If Van was worried, the situation could not be good; Van generally saw fighting as sport. Gerin had already thought matters bleak. Seeing his friend’s concern, he wondered if he hadn’t been too optimistic.
Rap, rap. Knocking on Fand’s door, Gerin realized he hadn’t been so nervous approaching a woman since he’d gone off into the woods with a serf girl at about the age of fourteen. If she told him no again, he vowed he’d have nothing more to do with her.
The door opened. Fand eyed Gerin with the same irresolution he felt. At last, with the hint of a smile, she said, “You’re not one to give up easy, are you, now?”
“If I were, I’d either be dead or living in the southlands,” Gerin answered. “May I come in?”
“Sure and you’d do better with more sweet talk, not just throwing it out so, like a sausage, splash! into the soup pot.” Fand sounded a trifle irked. Sh
e didn’t close the door in his face, though, as she had so many times lately. After a moment, she stepped aside and motioned for him to join her. She closed the door behind him, barred it.
A tunic lay on the bed, bone needle and thread halfway through a rip on one sleeve. Gerin turned the sleeve right side out so he could see how the repair would look. “That’s fine work,” he said.
“For which I thank you, though sewing by lamplight is more trouble nor it’s worth, I’m thinking.” Fand rubbed her eyes to show him what she meant.

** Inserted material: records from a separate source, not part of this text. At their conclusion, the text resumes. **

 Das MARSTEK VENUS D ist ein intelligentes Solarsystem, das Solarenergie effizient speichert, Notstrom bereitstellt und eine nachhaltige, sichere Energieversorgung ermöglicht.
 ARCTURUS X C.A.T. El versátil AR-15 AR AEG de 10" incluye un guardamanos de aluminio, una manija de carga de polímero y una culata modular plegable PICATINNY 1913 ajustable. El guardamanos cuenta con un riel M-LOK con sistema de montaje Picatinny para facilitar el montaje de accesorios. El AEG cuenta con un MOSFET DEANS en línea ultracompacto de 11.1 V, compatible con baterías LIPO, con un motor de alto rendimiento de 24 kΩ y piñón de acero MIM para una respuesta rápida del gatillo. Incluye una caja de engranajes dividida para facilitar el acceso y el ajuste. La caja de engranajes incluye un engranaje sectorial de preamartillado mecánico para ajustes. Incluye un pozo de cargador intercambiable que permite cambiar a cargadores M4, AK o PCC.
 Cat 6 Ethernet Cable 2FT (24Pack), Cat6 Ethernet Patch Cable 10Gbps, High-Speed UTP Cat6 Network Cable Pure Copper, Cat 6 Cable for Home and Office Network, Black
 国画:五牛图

After an awkward pause, she went on, “But you didna come here to be talking of shirts.” She sat down on the bed.
“No, I didn’t.” Gerin sat down beside her. “I came because I hoped we could end the quarrel between us.”

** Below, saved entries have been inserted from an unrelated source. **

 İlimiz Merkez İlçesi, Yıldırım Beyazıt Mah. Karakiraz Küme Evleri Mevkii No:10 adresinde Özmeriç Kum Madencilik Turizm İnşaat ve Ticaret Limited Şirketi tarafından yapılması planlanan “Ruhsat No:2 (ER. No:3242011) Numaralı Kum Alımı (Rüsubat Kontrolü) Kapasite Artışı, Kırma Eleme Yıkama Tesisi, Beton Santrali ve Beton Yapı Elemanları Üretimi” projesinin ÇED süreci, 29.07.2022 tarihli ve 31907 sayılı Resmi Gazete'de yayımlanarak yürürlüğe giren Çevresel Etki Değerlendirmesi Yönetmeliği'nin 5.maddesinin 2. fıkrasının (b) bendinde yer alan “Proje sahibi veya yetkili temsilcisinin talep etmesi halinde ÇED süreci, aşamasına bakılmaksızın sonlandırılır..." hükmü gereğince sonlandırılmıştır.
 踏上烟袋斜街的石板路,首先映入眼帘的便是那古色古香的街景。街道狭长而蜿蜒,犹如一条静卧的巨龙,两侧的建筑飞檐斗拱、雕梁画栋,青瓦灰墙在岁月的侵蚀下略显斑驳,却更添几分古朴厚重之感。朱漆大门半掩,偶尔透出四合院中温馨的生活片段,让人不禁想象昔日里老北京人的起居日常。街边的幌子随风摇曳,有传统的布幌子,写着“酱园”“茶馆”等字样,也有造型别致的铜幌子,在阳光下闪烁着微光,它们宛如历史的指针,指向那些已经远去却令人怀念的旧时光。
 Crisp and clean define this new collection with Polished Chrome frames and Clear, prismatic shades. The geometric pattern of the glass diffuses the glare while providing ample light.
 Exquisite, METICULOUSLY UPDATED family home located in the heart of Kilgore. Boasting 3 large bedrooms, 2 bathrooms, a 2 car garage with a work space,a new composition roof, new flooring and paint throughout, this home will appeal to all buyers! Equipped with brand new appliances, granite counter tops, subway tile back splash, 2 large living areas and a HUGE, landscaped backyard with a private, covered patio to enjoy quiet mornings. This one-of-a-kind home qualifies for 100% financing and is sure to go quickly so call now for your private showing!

“Because you wanted to futter me,” Fand said. She didn’t sound angry, though, as she had so often when she sent him away. She might have been talking about how the wheat was doing this year. After a moment, Gerin nodded; saying he didn’t want her would have been a lie. Fand’s mouth quirked in a wry smile. “Och, you’re no seducer, are you now? But have your way this once, Fox. We’ll see what we bring to it.” She pulled the tunic she was wearing up over her head, then stood to slide off her brightly checked wool skirt.

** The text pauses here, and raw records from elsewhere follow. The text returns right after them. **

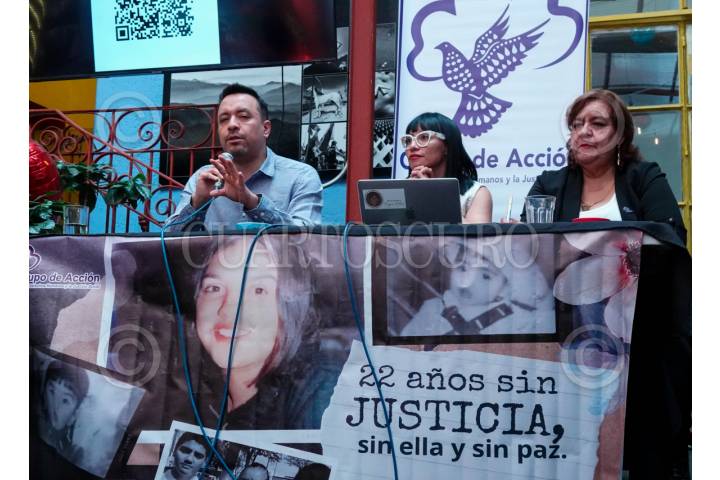 CIUDAD DE MÉXICO, 14FEBRERO2024.- La abogada Karla Michelles Salas y el abogado David Peña, ambos representantes de Grupo de Acción por los Derechos Humanos y la Justicia Social, así como Norma Andrade, madre de Lilia Alejandra (víctima de feminicidio en 2001 en Ciudad Juárez, Chihuahua), ofrecieron conferencia de prensa para anunciar que el caso ha sido atraído por la Corte Interamericana de Derechos Humanos (CIDH) tras la inacción y soluciones del gobierno mexicano. El jurista expuso que la fiscalía tiene en detención a un sospechoso desde hace seis años pero no ha podido contrastar el ADN de la víctima con el suyo por lo que presupone tan sólo una simulación. Por otro lado, establecieron que lo que se buscará incorporar los delitos de violencia sexual como un acto de tortura ante la Corte IDH, mientras que recalcaron la impunidad por parte de las autoridades en el caso como a los dos ataques de los que Norma Andrade ha sido víctima. FOTO: GALO CAÑAS/CUARTOSCURO.COM
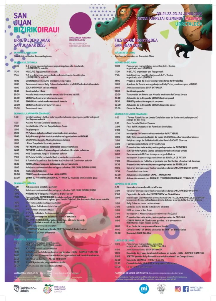 Urreta celebrará desde este viernes 20 de junio las fiestas de San Juan bajo el tradicional lema ‘San Juan Bizirik Dirau’. Aunque su amplio y variado programa de actividades, organizadas por Urretaldea Jai Batzorde Elkartea con el apoyo del Ayuntamiento de Galdakao, comienzan el viernes, mañana arrancan oficialmente con la apertura de las barracas, que cerrarán las fiestas el martes 24 (San Juan) con el día infantil.
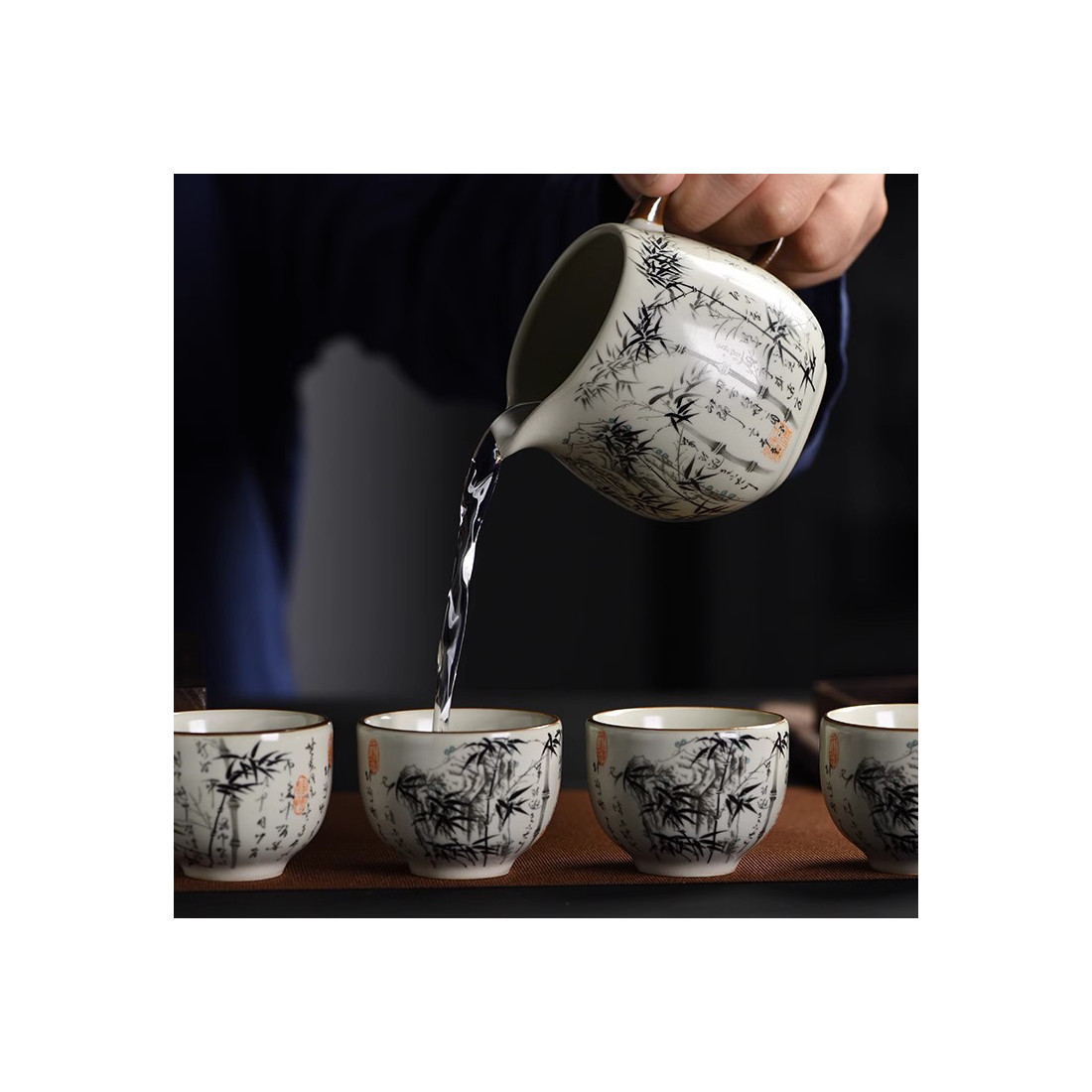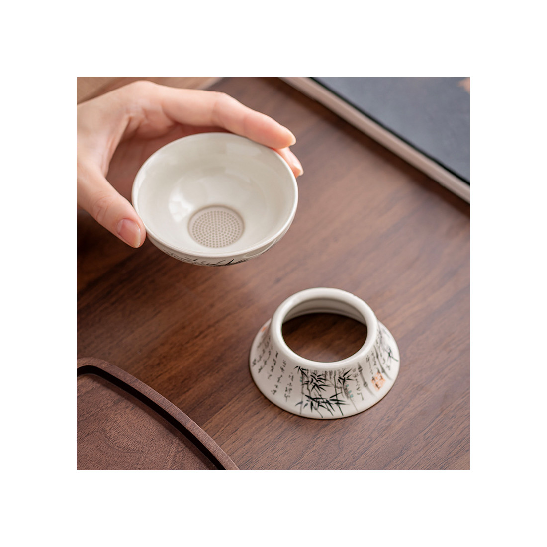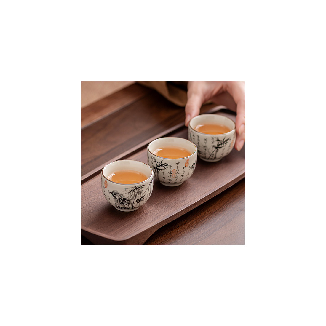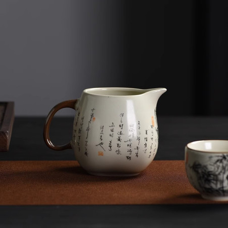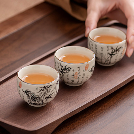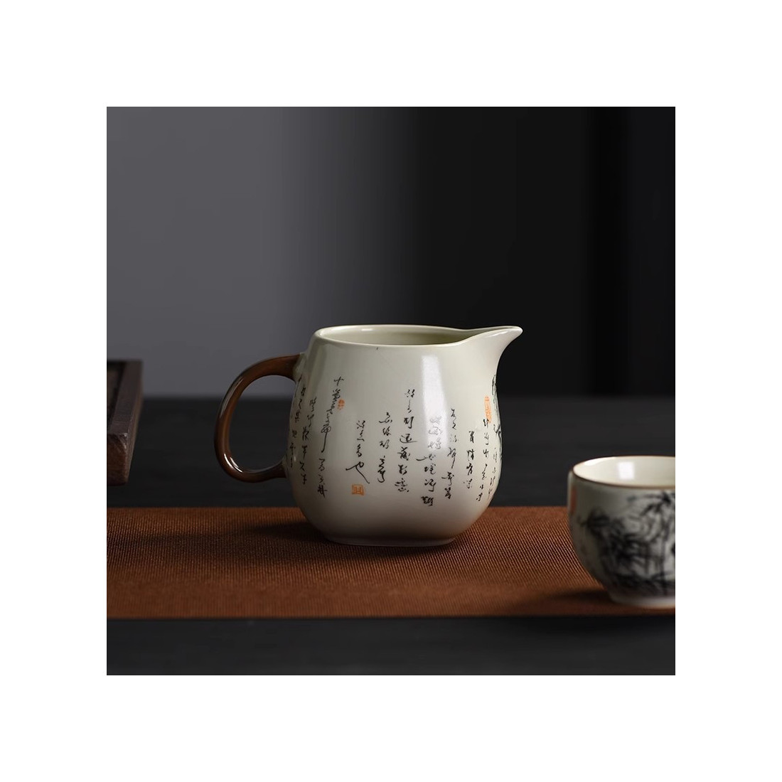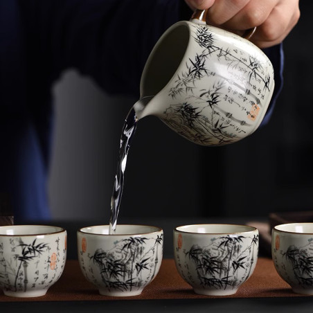 Керамічний набір з глазур'ю жуяо теплого відтінку, із зображенням бамбукового гаю та каліграфією.
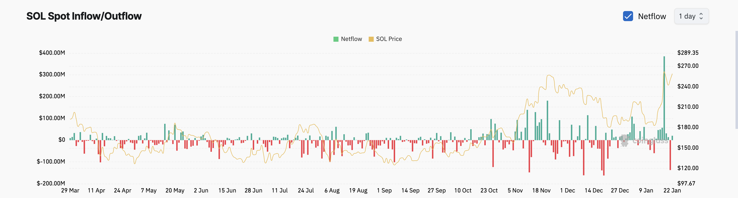 Solana (SOL) telah turun 14% dari harga tertinggi sepanjang masa US$295,83 yang dicapai pada 19 Januari. Meskipun penurunan ini, sentimen bullish tetap kuat karena pelaku pasar mengurangi aksi ambil untung.
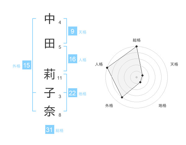 中田 莉子奈さんを姓名の画数から五運を鑑定

Seeing her naked made the breath catch in his throat, as it always did. She was a splendid woman, and she knew it, which only made the impression stronger. Gerin undressed in a hurry. They got back down on the bed together.
They did their best to please each other. The Fox tried hard; he could tell Fand was doing the same thing. He rolled off her quickly afterwards, not wanting her to have to bear his weight any longer than she needed to. “I thank you,” she said, and sat up.
Gerin lay on one side. He looked over to her and said, “It’s no good any more, is it?”